Where a picture appears, leave it out, and transcribe all the lines below exactly.

- [EXERCISE DATA]

★ ★ ★

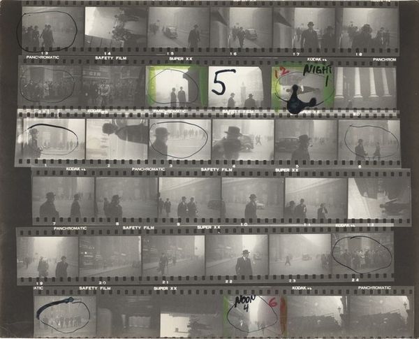 This photographic contact sheet, "City of London 6," by Robert Frank captures a series of images of London life. The visual language of the city street is dominated by figures wearing hats, which become a striking motif running through the sheet. Consider the hat: once a marker of status, profession, and identity. This motif carries echoes of the past, reminiscent of the bowler hats of clerks and merchants, symbols of the rigid social structures of Victorian London. Note how these hats evoke earlier depictions of city life by artists like Daumier or Hogarth, yet now appear in a fragmented, modern context. This repetition of the hat, across different frames, evokes the idea of collective memory and how subconscious symbols can become powerful cultural markers. The hat, once a proud assertion of identity, now echoes a sense of anonymity. This emotional weight, embedded in the visual symbol, engages us on a subconscious level. It's a fascinating example of how cultural symbols evolve, resurface, and take on new meanings across history.
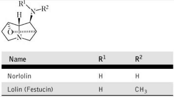 Droge:Semen Lolii temulenti (syn. FructusLolii); Taumellolchsamen (syn. Taumellolchfrüchte), der reife Samen. Die Droge ist giftig! Inh.: Temulin (ca. 0,06 %), Perlolin, Norlolin und Lolin vgl. Formel (Pyrrolizidin-Alkaloide), fettes Öl, freie Fettsäuren, Fructosane, Gerbstoffe. Anw.: früher in der Volksheilkunde bei Rheuma und Gicht, bei verzögerter Menstruation, Blutvergiftung, Flechten und Geschwüren.
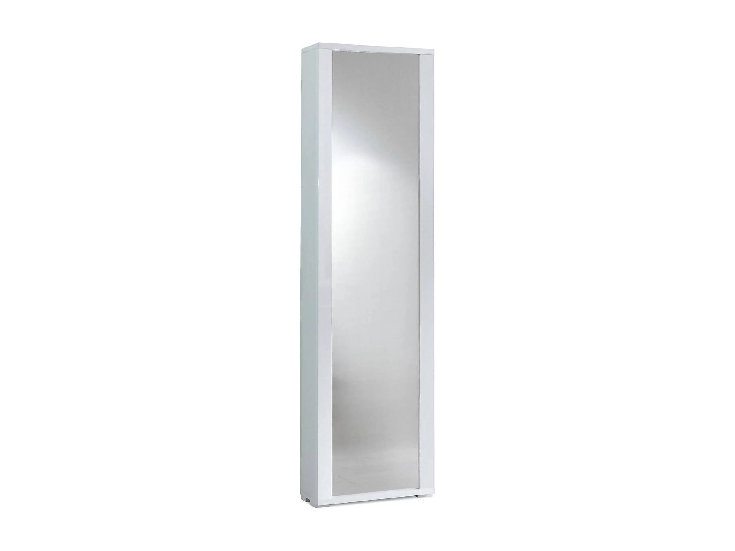 Étagère à chaussures Dcandel, Meuble d'entrée polyvalent avec porte miroir, Meuble à chaussures moderne avec 7 étagères, 100% Made in Italy, 50x32hx182 cm, Blanc
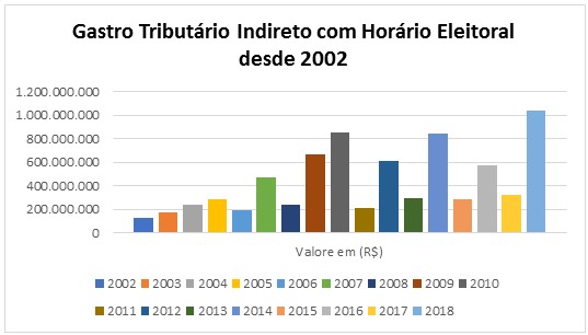 Esse gasto tributário indireto tem valor relevante, e com a proibição de doações em dinheiro para financiamento eleitoral por pessoas jurídicas, por meio do acórdão proferido pelo Supremo Tribunal Federal nos autos da Ação Direta de Inconstitucionalidade  4.650 em setembro de 2015, esse gasto tende a aumentar. Importante destacar que o aumento exponencial do gasto com o horário eleitoral obrigatório já está na previsão do Demonstrativo de Gasto Tributário da PLOA de 2018.
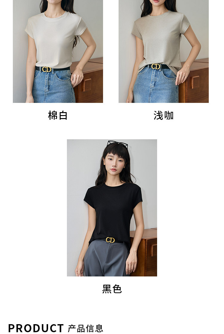莱赛尔圆领短袖T恤女夏季薄款正肩修身显瘦天丝羊毛百搭上衣 商品图2
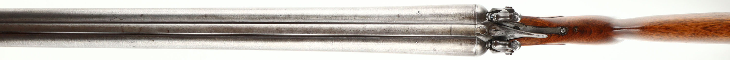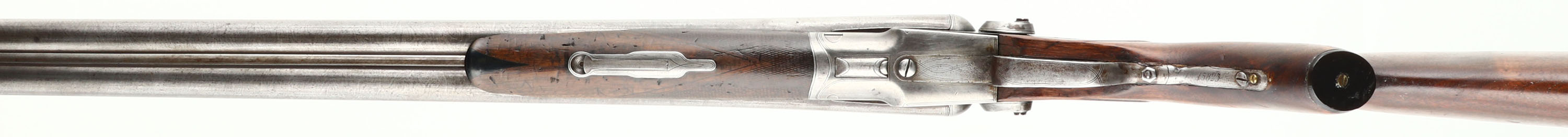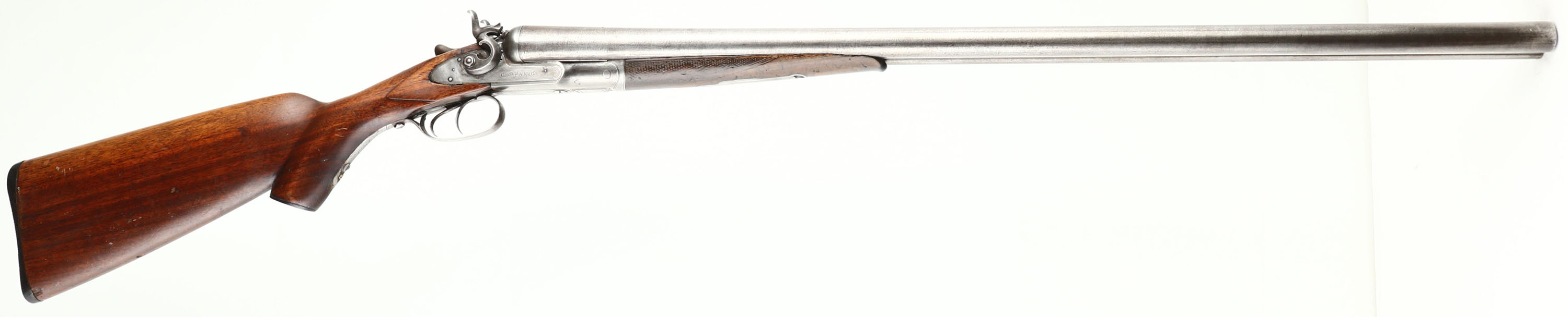 Colt, Model 1878, CAL: 10GA, MFG: 1883, SN: 15823, Break Action SxS Shotgun, Choke: N/A, 30'' Damascus barrels. The replaced & refinished flat pistol grip stock is good. The stock is slightly loose, has a repair screw behind the upper tang, contusions, scrapes, dings & a couple small edge chips at the toe. The original checkered forend with ebony tip is good. The right side has a 3'' sliver, smooth checkering & has multiple small nicks & dings. The damascus barrels have fully worn to metal gray, with areas of thin brown patina. The receiver has fully worn to metal gray, with buff lines. Bores are fair, with consistent pitting & roughness. The solid rib holds a single front bead. Stock carries a grooved plastic buttplate. Replacement screws on the lower tang. Notice: Damascus barrels are not safe to shoot smokeless powder or steel shot out of. LOP: 15''. Antique, No FFL Req. - Value: 500 to 1000
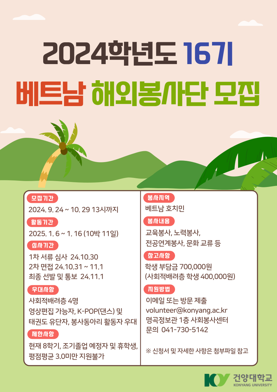 | 제목 | 2024학년도 16기 베트남 해외봉사단 모집 공고(연장) | ||||||||
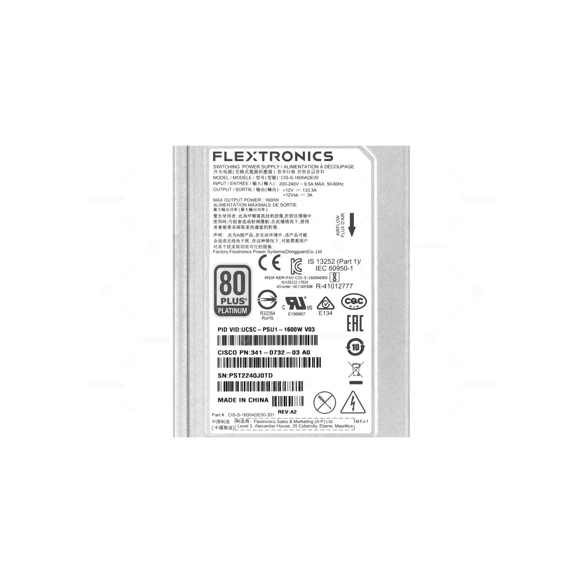 341-0732-03 CISCO POWER SUPPLY 1600W AC 80 PLUS PLATINUM FOR HX240C UCS C240 M4 UCSC-PSU1-1600W
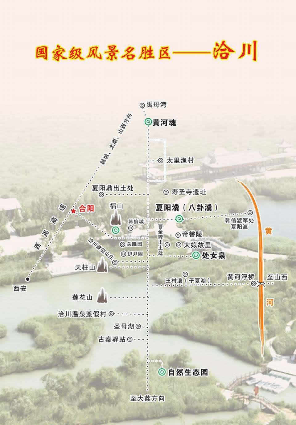洽川自古就是旅游勝地,這里“山有飛浮之異,水有神瀵之奇”。洽川的自然景觀有六個(gè)亮點(diǎn):
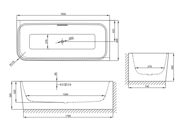 Ванна, Bette, BetteArt V, ширина, мм-1850, глубина, мм-800, высота, мм-420, водоизмещение (л)-248, форма-прямоугольная, слив-перелив-необходимо заказать, диаметр слива, мм-52, цвет-белый Ванна, Bette, BetteArt V, шгв 1850*800*420, цвет-белый
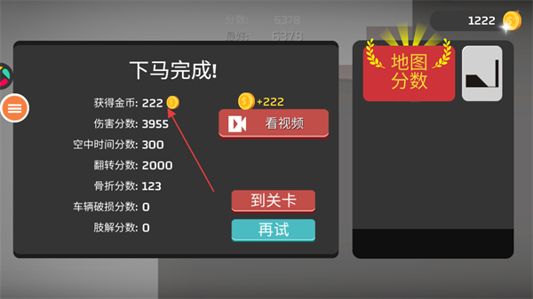 4、下马完成后,会根据关卡内对火柴人造成的伤害分数进行金币的获取。
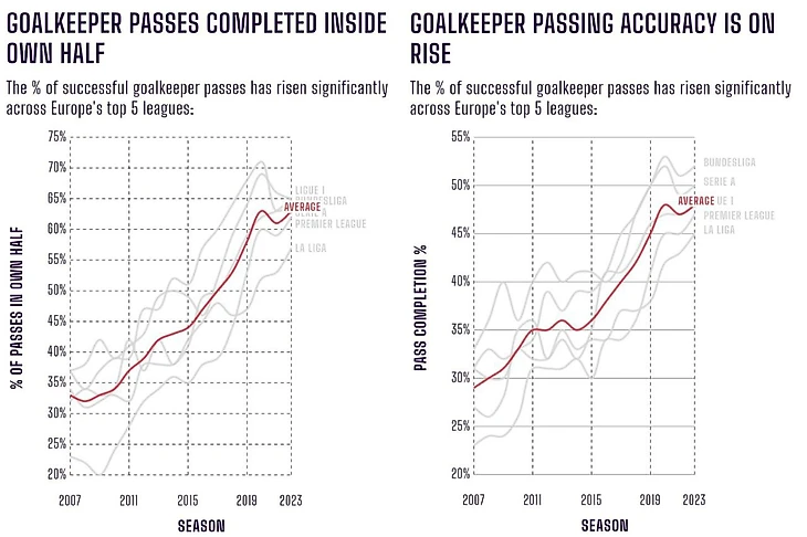 Начиная с сезона 2007/08 в каждой из топ-5 лиг Европы увеличилась средняя точность передач вратарей, средний процент передач вратарей от всех передач команды, а также точность этих передач. Голкиперы стали делать короткие передачи в два-три раза чаще, чем 16 лет назад.

★ ★ ★

- [TASK RESPONSE]
 This photographic contact sheet, "City of London 6," by Robert Frank captures a series of images of London life. The visual language of the city street is dominated by figures wearing hats, which become a striking motif running through the sheet. Consider the hat: once a marker of status, profession, and identity. This motif carries echoes of the past, reminiscent of the bowler hats of clerks and merchants, symbols of the rigid social structures of Victorian London. Note how these hats evoke earlier depictions of city life by artists like Daumier or Hogarth, yet now appear in a fragmented, modern context. This repetition of the hat, across different frames, evokes the idea of collective memory and how subconscious symbols can become powerful cultural markers. The hat, once a proud assertion of identity, now echoes a sense of anonymity. This emotional weight, embedded in the visual symbol, engages us on a subconscious level. It's a fascinating example of how cultural symbols evolve, resurface, and take on new meanings across history.
 Droge:Semen Lolii temulenti (syn. FructusLolii); Taumellolchsamen (syn. Taumellolchfrüchte), der reife Samen. Die Droge ist giftig! Inh.: Temulin (ca. 0,06 %), Perlolin, Norlolin und Lolin vgl. Formel (Pyrrolizidin-Alkaloide), fettes Öl, freie Fettsäuren, Fructosane, Gerbstoffe. Anw.: früher in der Volksheilkunde bei Rheuma und Gicht, bei verzögerter Menstruation, Blutvergiftung, Flechten und Geschwüren.
 Étagère à chaussures Dcandel, Meuble d'entrée polyvalent avec porte miroir, Meuble à chaussures moderne avec 7 étagères, 100% Made in Italy, 50x32hx182 cm, Blanc
 Esse gasto tributário indireto tem valor relevante, e com a proibição de doações em dinheiro para financiamento eleitoral por pessoas jurídicas, por meio do acórdão proferido pelo Supremo Tribunal Federal nos autos da Ação Direta de Inconstitucionalidade  4.650 em setembro de 2015, esse gasto tende a aumentar. Importante destacar que o aumento exponencial do gasto com o horário eleitoral obrigatório já está na previsão do Demonstrativo de Gasto Tributário da PLOA de 2018.
莱赛尔圆领短袖T恤女夏季薄款正肩修身显瘦天丝羊毛百搭上衣 商品图2
 Colt, Model 1878, CAL: 10GA, MFG: 1883, SN: 15823, Break Action SxS Shotgun, Choke: N/A, 30'' Damascus barrels. The replaced & refinished flat pistol grip stock is good. The stock is slightly loose, has a repair screw behind the upper tang, contusions, scrapes, dings & a couple small edge chips at the toe. The original checkered forend with ebony tip is good. The right side has a 3'' sliver, smooth checkering & has multiple small nicks & dings. The damascus barrels have fully worn to metal gray, with areas of thin brown patina. The receiver has fully worn to metal gray, with buff lines. Bores are fair, with consistent pitting & roughness. The solid rib holds a single front bead. Stock carries a grooved plastic buttplate. Replacement screws on the lower tang. Notice: Damascus barrels are not safe to shoot smokeless powder or steel shot out of. LOP: 15''. Antique, No FFL Req. - Value: 500 to 1000
 | 제목 | 2024학년도 16기 베트남 해외봉사단 모집 공고(연장) | ||||||||
 341-0732-03 CISCO POWER SUPPLY 1600W AC 80 PLUS PLATINUM FOR HX240C UCS C240 M4 UCSC-PSU1-1600W
洽川自古就是旅游勝地,這里“山有飛浮之異,水有神瀵之奇”。洽川的自然景觀有六個(gè)亮點(diǎn):
 Ванна, Bette, BetteArt V, ширина, мм-1850, глубина, мм-800, высота, мм-420, водоизмещение (л)-248, форма-прямоугольная, слив-перелив-необходимо заказать, диаметр слива, мм-52, цвет-белый Ванна, Bette, BetteArt V, шгв 1850*800*420, цвет-белый
 4、下马完成后,会根据关卡内对火柴人造成的伤害分数进行金币的获取。
 Начиная с сезона 2007/08 в каждой из топ-5 лиг Европы увеличилась средняя точность передач вратарей, средний процент передач вратарей от всех передач команды, а также точность этих передач. Голкиперы стали делать короткие передачи в два-три раза чаще, чем 16 лет назад.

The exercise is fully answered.